Data extract below:

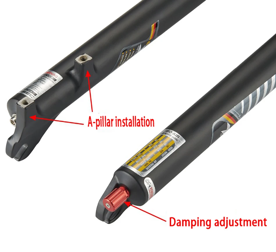 Straight tube: (black/golden stroke tube) stroke 120mm, compressible 100 mm, inner tube outer diameter: 32mm, standpipe length: 220mm, standpipe outer diameter: 28.6mm, pipe wall outer diameter: 38mm, fork leg installation method: quick disassembly type, left shoulder belt rebound adjustment, brake seat: A-pillar type, supporting 160mm-185mm disc.
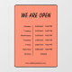 This cling is designed to help businesses make their opening hours known to potential customers. It's an easy way for customers to quickly find out what time the business is open and when they can expect to find it open.
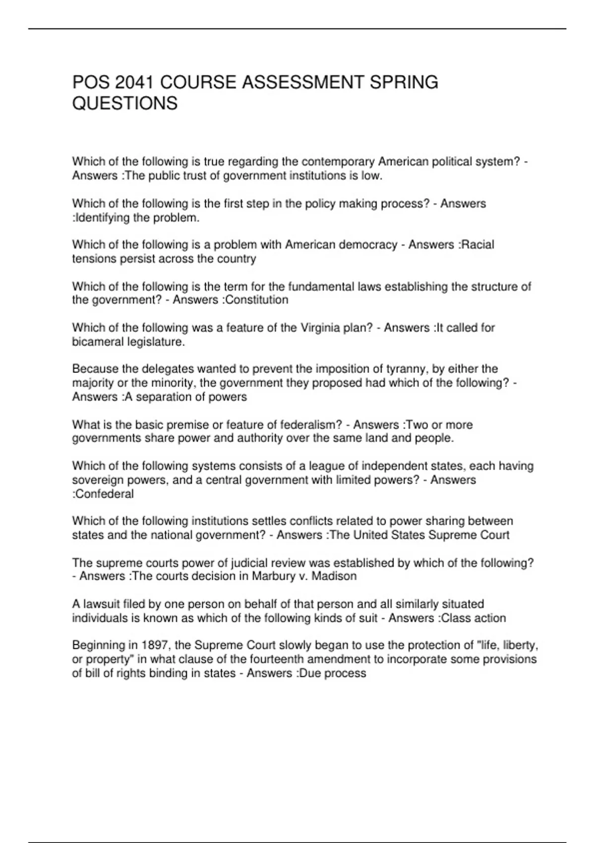 FSW: POS 2041 EXAM 4 QUESTIONS & ANSWERS 2 Exam (elaborations) POS 2041 AMERICAN NATIONAL GOVERNMENT EXAM #1 3 Exam (elaborations) POS 2041 COURSE ASSESSMENT SPRING QUESTIONS 4 Exam (elaborations) POS 2041 EXAM 1 (CHAPTER 1,2,3,5) ROBBINS UF 5 OTHER POS 2041 EXAM 1 (CHAPTERS 1-5) STUDY GUIDE 6 OTHER POS 2041 EXAM 1 CHAPTERS 1-3 7 Exam (elabor

End of Data extract.

● Try it: Exactly as they stand, set down the lines from the start of the material through the line with "This cling is", both ends included, omitting the pictures.

● Solution below:
 Straight tube: (black/golden stroke tube) stroke 120mm, compressible 100 mm, inner tube outer diameter: 32mm, standpipe length: 220mm, standpipe outer diameter: 28.6mm, pipe wall outer diameter: 38mm, fork leg installation method: quick disassembly type, left shoulder belt rebound adjustment, brake seat: A-pillar type, supporting 160mm-185mm disc.
 This cling is designed to help businesses make their opening hours known to potential customers. It's an easy way for customers to quickly find out what time the business is open and when they can expect to find it open.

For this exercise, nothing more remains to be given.